>>>>

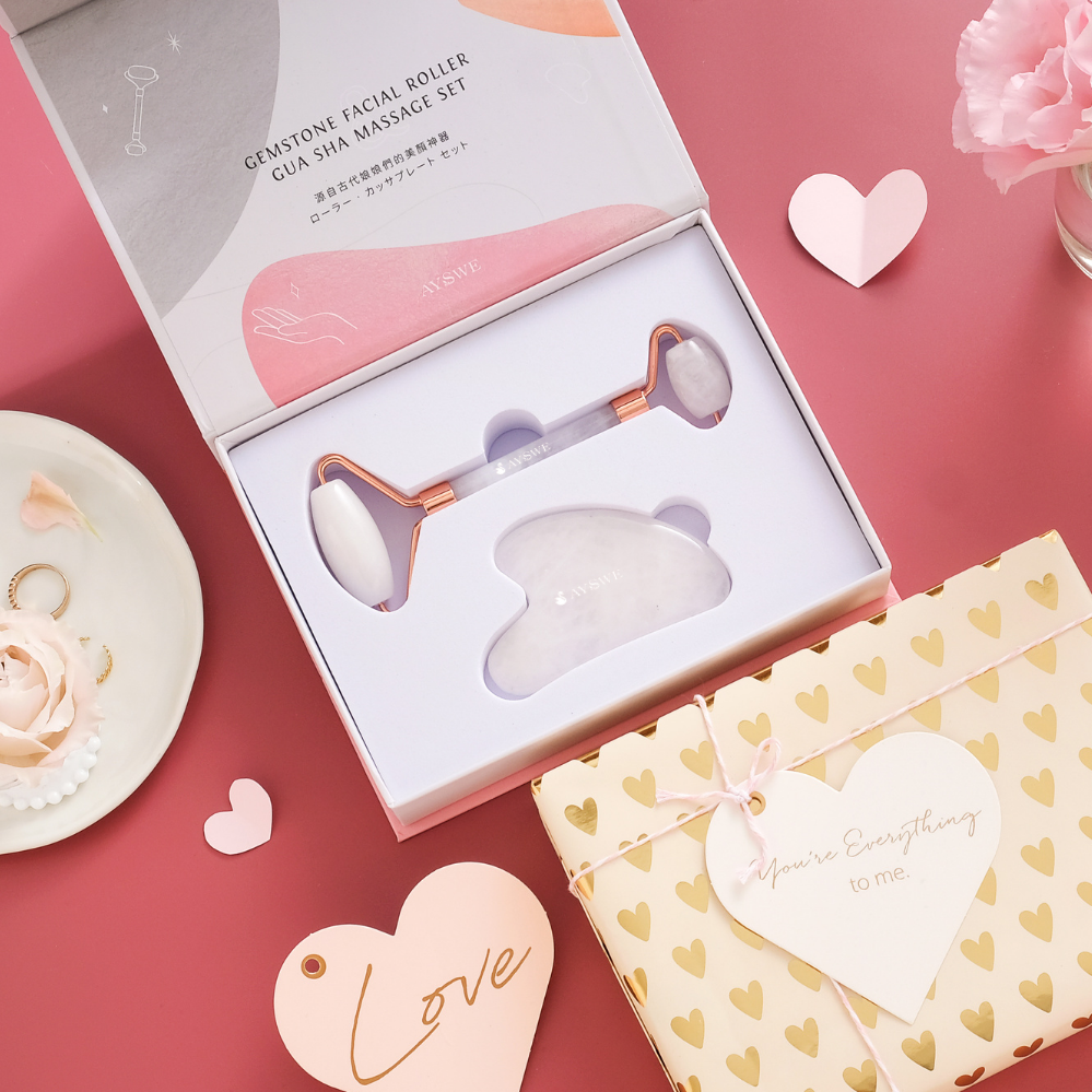 【愛蕊友肌】情人節快樂💕|粉晶滾輪美顏娘娘棒刮痧板禮盒組 + 角鯊透亮精萃油-臉部美容按摩
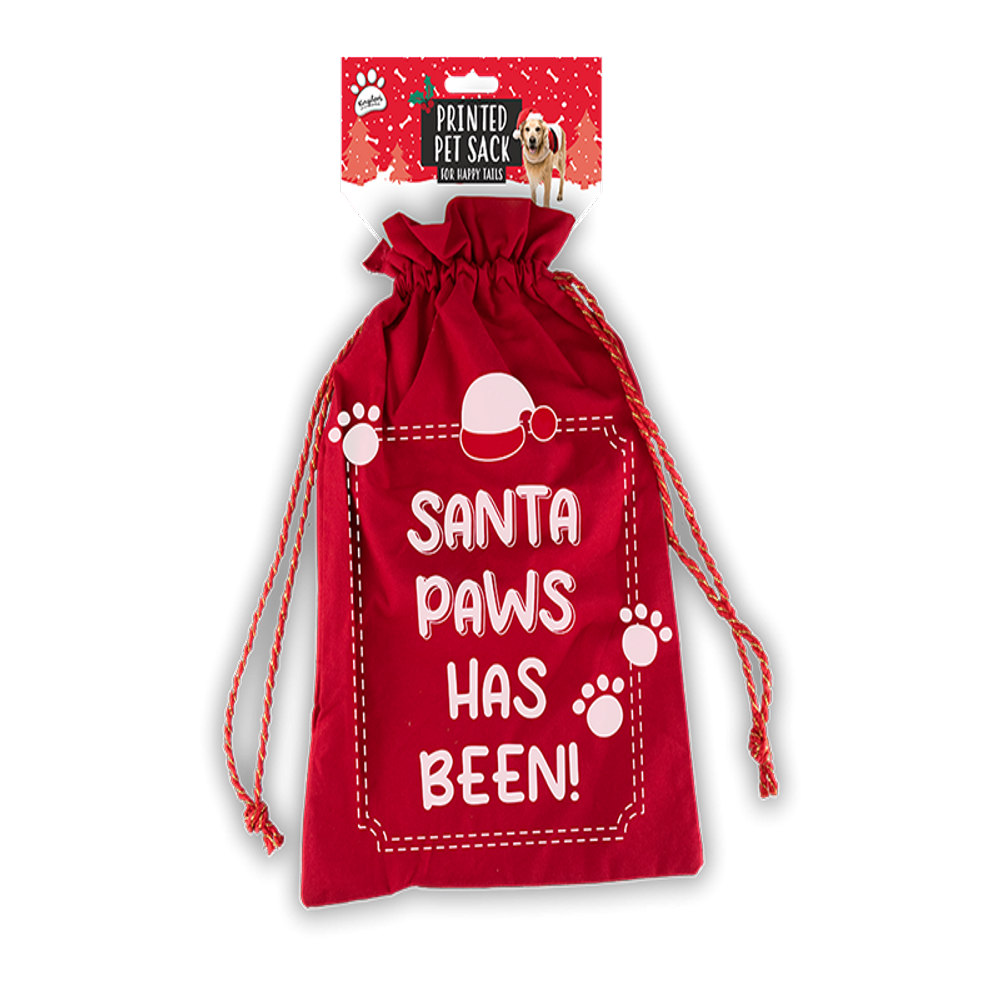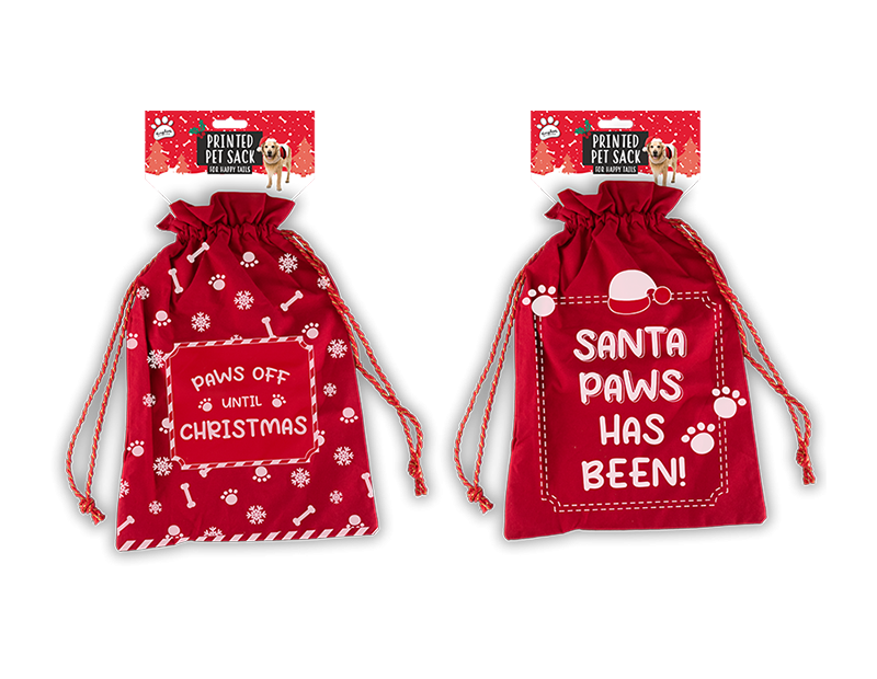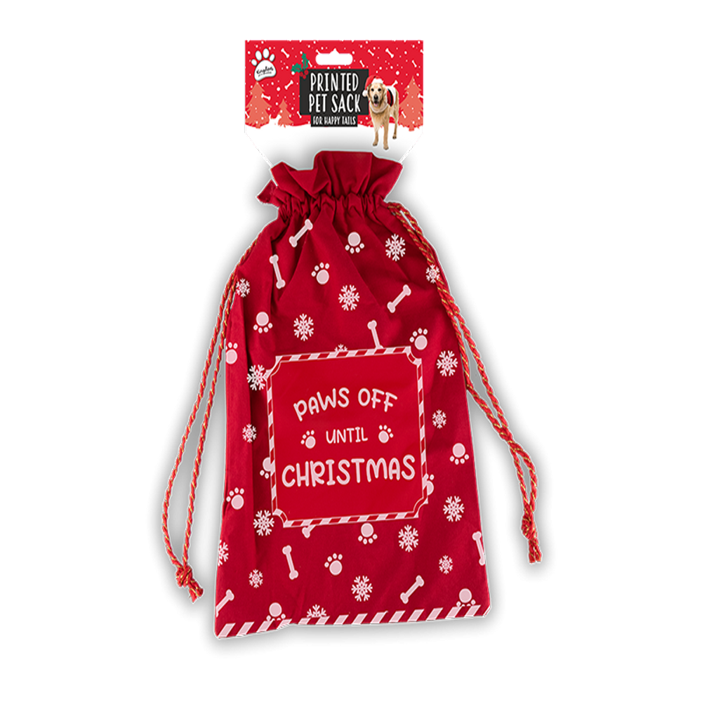 Treat your pets this Xmas with our delightful Printed Pet Christmas Sack, available in assorted designs. Made from high-quality cotton, this festive sack features a sturdy drawstring closure with charming red and white detailing. Each sack showcases a fun slogan and an adorable design on the front, perfect for storing gifts for your beloved dogs. Ideal for wrapping up treats, toys, and other goodies, this pet Christmas sack adds a touch of holiday cheer to your gift-giving. Make your pets feel special this festive season with this stylish and practical gift sack.
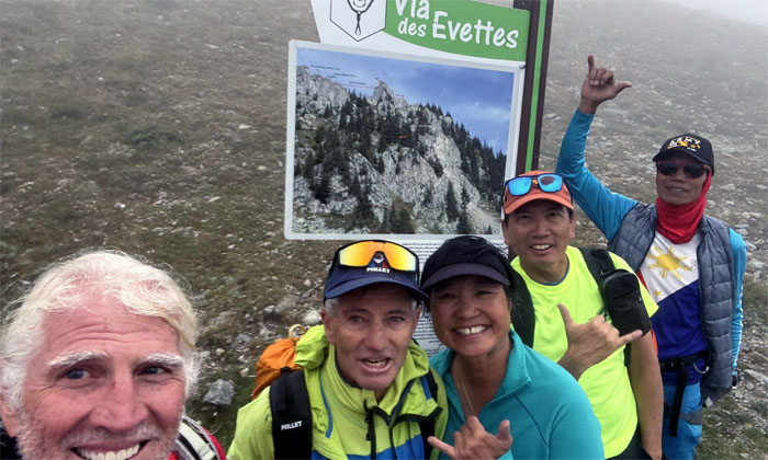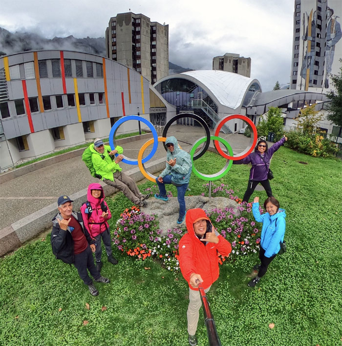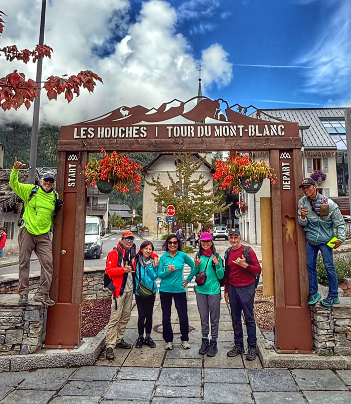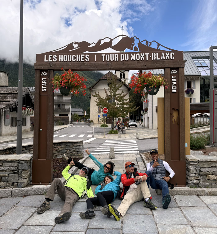Group photo at the famous archway that is the “official” start and end of the TMB trail.
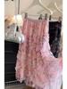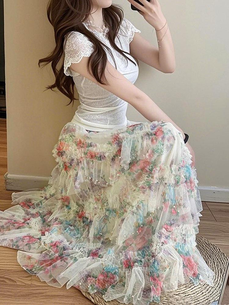 Tüllrock mit Perlen und Blumendruck und unregelmäßigem Saum - Damen Netz-Puffrock
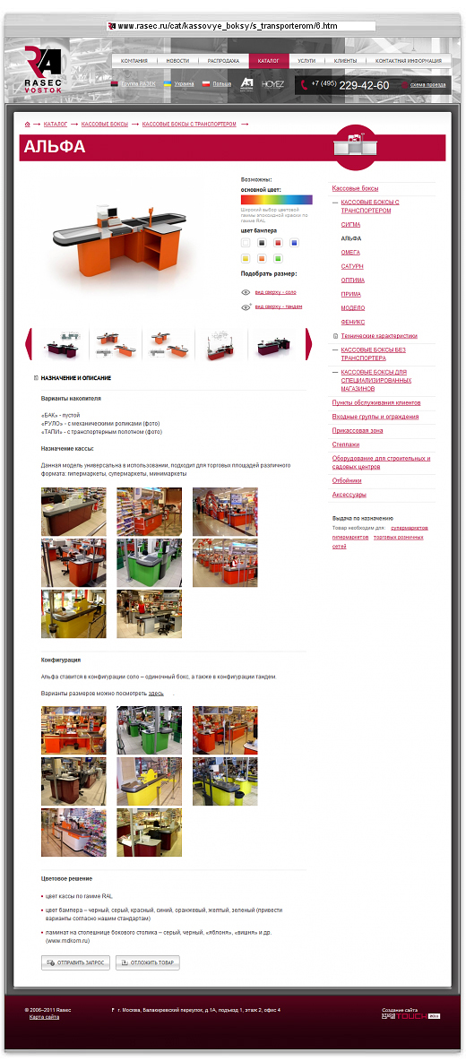 При создании сайта разработчики уделили большое внимание представлению товаров компании. На главной странице есть интерактивная галерея с изображениями продукции и указанием их основных характеристик.
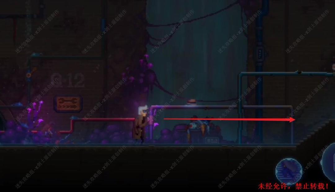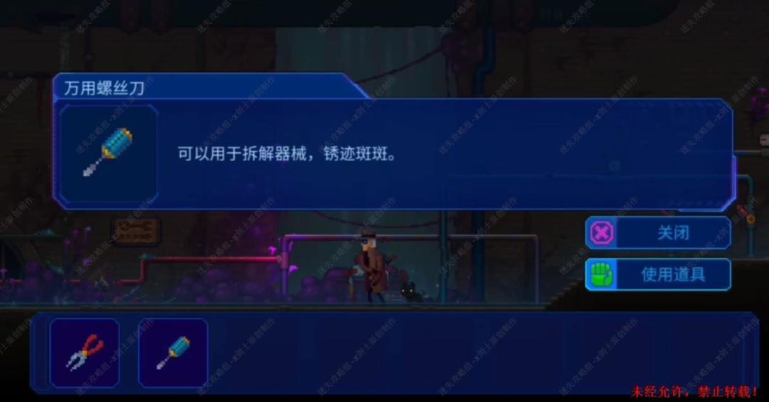 8. 在外面的场景往左边走,来到左边的零散机器部件位置,在这里使用万用螺丝刀,可以得到零件,往右走的时候就会触发小游戏。8
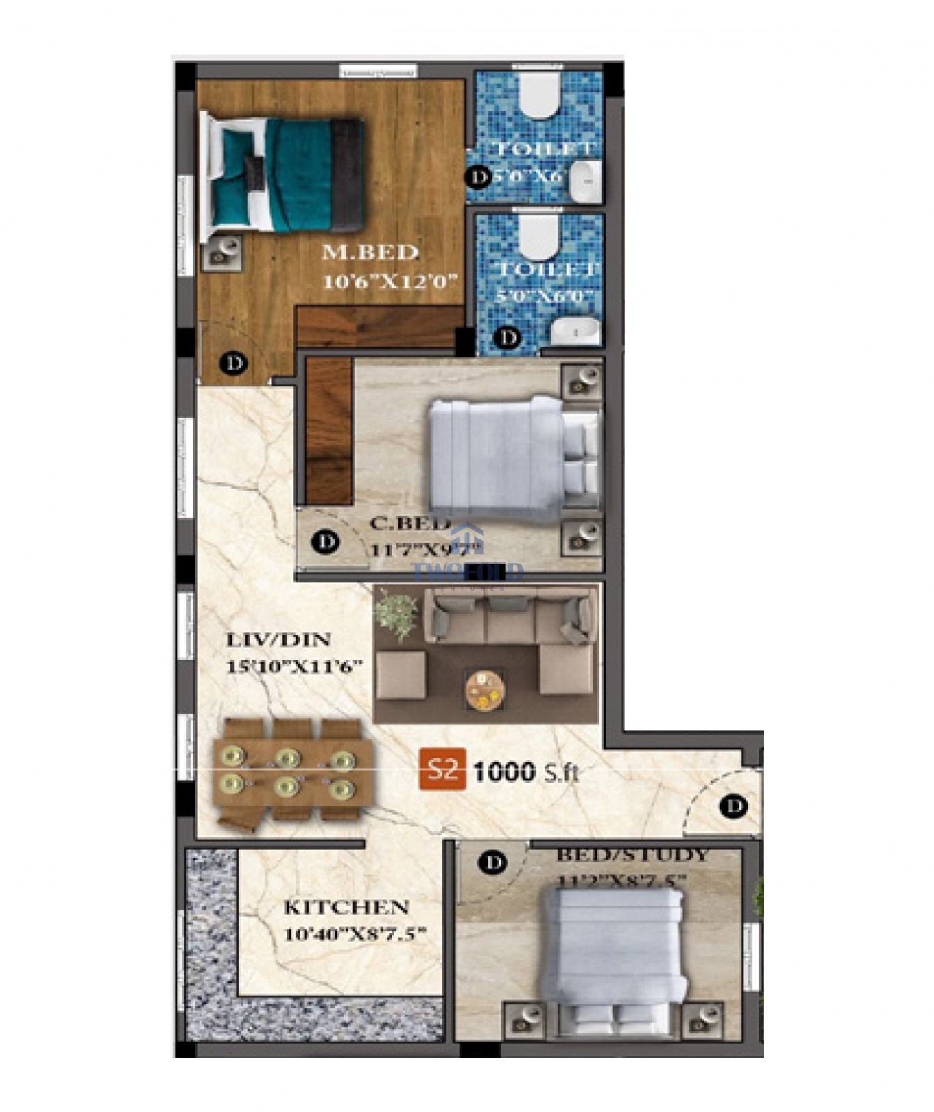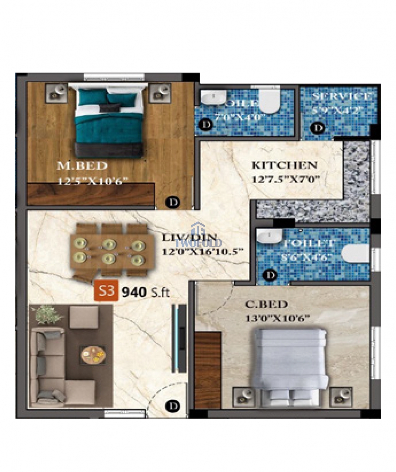 | 2BHK | 940 Sq.ft | Will be Update | View Price | View |
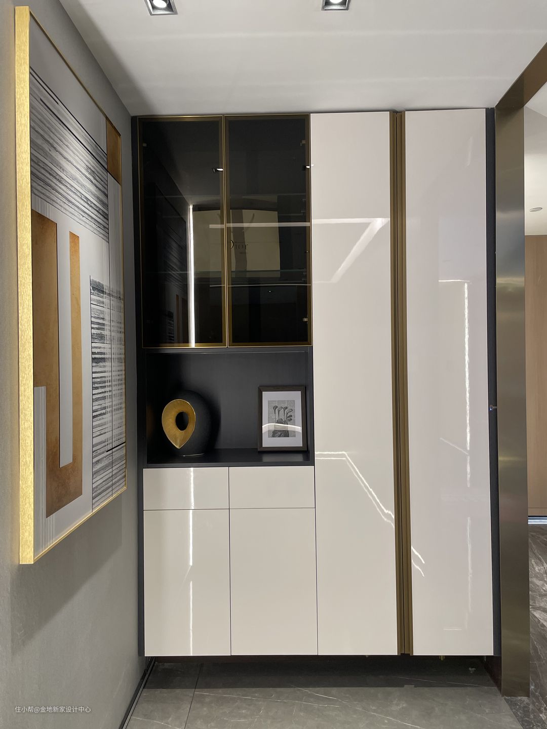 杨先生屋外的电梯间过道上已经设有了鞋柜,因此入户的玄关处定制了一面收纳柜,可供屋主们存放不常用的物品,例如非当季的鞋子、雨伞、纸巾等杂物。 亚克力面板的柜门在入户的时候就凸显出轻奢的韵味。黑色的镂空和玻璃吊柜避免了整面柜的带来的笨重压抑。
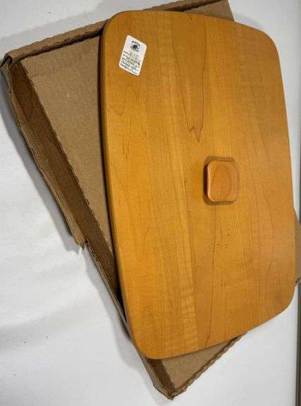 Longaberger wooden basket lid featuring a handle peg and marked with the Longaberger logo underneath. Made from light-toned wood, it comes with its original box. Excellent for fitting suitable Longaberger baskets.
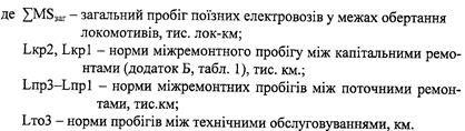 1.9 Програма ремонту поїзних і маневрових локомотивів визначається окремо за серіями локомотивів і видами руху. Програма технічного обслуговування і ремонту електровозів у вантажному русі розраховується згідно з загальним пробігом у межах обертання локомотивів і встановленими нормами пробігу між технічним обслуговуванням і ремонтами за формулами:
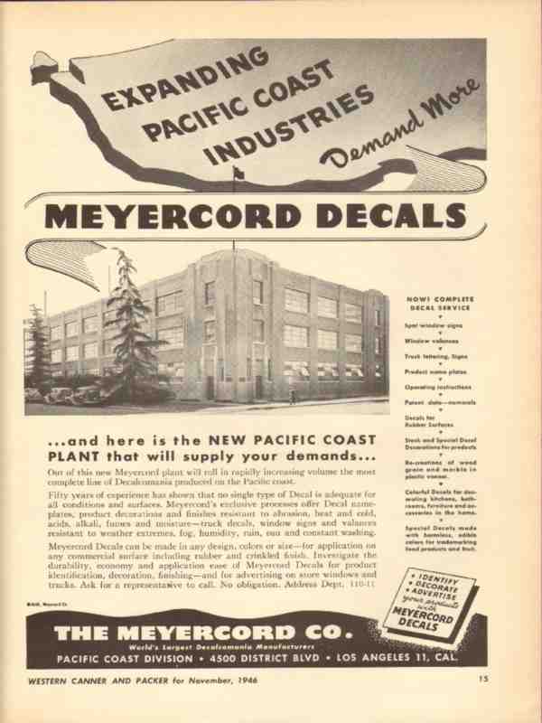 Original vintage food packing trade magazine ad for THE MEYERCORD COMPANY of Los Angeles, CA. Expanding Pacific Coast Industries Demand More Meyercord Decals. Pictured is the new Meyercord plant with the most complete line of Decalomania produced on the Pacific Coast. Old 1946 packaging and labeling advertisement.
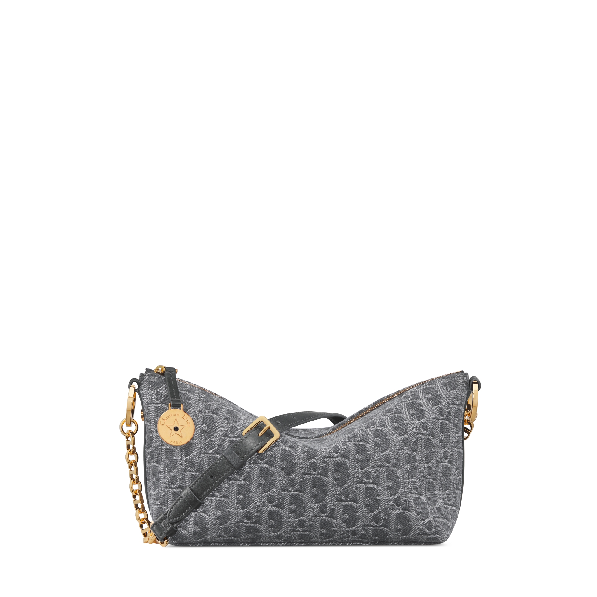 这款 Diorstar 链条水饺包造型时尚,设计实用,别具一格。廓形柔软,采用灰色 Denim Dior Oblique 提花面料等材质精心制作,重新诠释 Dior 经典图案。设有宽大的隔层,拉链开合搭配镌刻有 Christian Dior Paris 标志和 Dior 经典星星标识的圆形饰牌,侧面饰以精致的 CD 铆钉提升格调。内部设有卡槽,搭配可调节 CD 链环肩带,并带有皮革带,提升肩背时的舒适度。
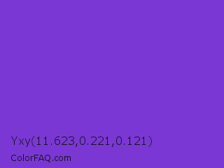 Yxy 11.623,0.221,0.121 Color is a normal violet color and the nearest color is Blue Violet #8a2be2. Hex code #7a37d4 and RGB value is rgb(122,55,212). In RGB color space, this color is composed of 48% red, 22% green, 83% blue, In CMYK color space, this color is composed of 42% cyan, 74% magenta, 0% yellow , 17% black , In HSL color space, this color has a hue angle of 266° , 65% saturation and 52% lightness.

<<<<

- **WHAT TO PRODUCE**
When you return the records, keep every word unchanged and drop the pictures.

- **RESPONSE TO THE EXERCISE**
 【愛蕊友肌】情人節快樂💕|粉晶滾輪美顏娘娘棒刮痧板禮盒組 + 角鯊透亮精萃油-臉部美容按摩
 Treat your pets this Xmas with our delightful Printed Pet Christmas Sack, available in assorted designs. Made from high-quality cotton, this festive sack features a sturdy drawstring closure with charming red and white detailing. Each sack showcases a fun slogan and an adorable design on the front, perfect for storing gifts for your beloved dogs. Ideal for wrapping up treats, toys, and other goodies, this pet Christmas sack adds a touch of holiday cheer to your gift-giving. Make your pets feel special this festive season with this stylish and practical gift sack.
Group photo at the famous archway that is the “official” start and end of the TMB trail.
 Tüllrock mit Perlen und Blumendruck und unregelmäßigem Saum - Damen Netz-Puffrock
 При создании сайта разработчики уделили большое внимание представлению товаров компании. На главной странице есть интерактивная галерея с изображениями продукции и указанием их основных характеристик.
 8. 在外面的场景往左边走,来到左边的零散机器部件位置,在这里使用万用螺丝刀,可以得到零件,往右走的时候就会触发小游戏。8
 | 2BHK | 940 Sq.ft | Will be Update | View Price | View |
 杨先生屋外的电梯间过道上已经设有了鞋柜,因此入户的玄关处定制了一面收纳柜,可供屋主们存放不常用的物品,例如非当季的鞋子、雨伞、纸巾等杂物。 亚克力面板的柜门在入户的时候就凸显出轻奢的韵味。黑色的镂空和玻璃吊柜避免了整面柜的带来的笨重压抑。
 Longaberger wooden basket lid featuring a handle peg and marked with the Longaberger logo underneath. Made from light-toned wood, it comes with its original box. Excellent for fitting suitable Longaberger baskets.
 1.9 Програма ремонту поїзних і маневрових локомотивів визначається окремо за серіями локомотивів і видами руху. Програма технічного обслуговування і ремонту електровозів у вантажному русі розраховується згідно з загальним пробігом у межах обертання локомотивів і встановленими нормами пробігу між технічним обслуговуванням і ремонтами за формулами:
 Original vintage food packing trade magazine ad for THE MEYERCORD COMPANY of Los Angeles, CA. Expanding Pacific Coast Industries Demand More Meyercord Decals. Pictured is the new Meyercord plant with the most complete line of Decalomania produced on the Pacific Coast. Old 1946 packaging and labeling advertisement.
 这款 Diorstar 链条水饺包造型时尚,设计实用,别具一格。廓形柔软,采用灰色 Denim Dior Oblique 提花面料等材质精心制作,重新诠释 Dior 经典图案。设有宽大的隔层,拉链开合搭配镌刻有 Christian Dior Paris 标志和 Dior 经典星星标识的圆形饰牌,侧面饰以精致的 CD 铆钉提升格调。内部设有卡槽,搭配可调节 CD 链环肩带,并带有皮革带,提升肩背时的舒适度。
 Yxy 11.623,0.221,0.121 Color is a normal violet color and the nearest color is Blue Violet #8a2be2. Hex code #7a37d4 and RGB value is rgb(122,55,212). In RGB color space, this color is composed of 48% red, 22% green, 83% blue, In CMYK color space, this color is composed of 42% cyan, 74% magenta, 0% yellow , 17% black , In HSL color space, this color has a hue angle of 266° , 65% saturation and 52% lightness.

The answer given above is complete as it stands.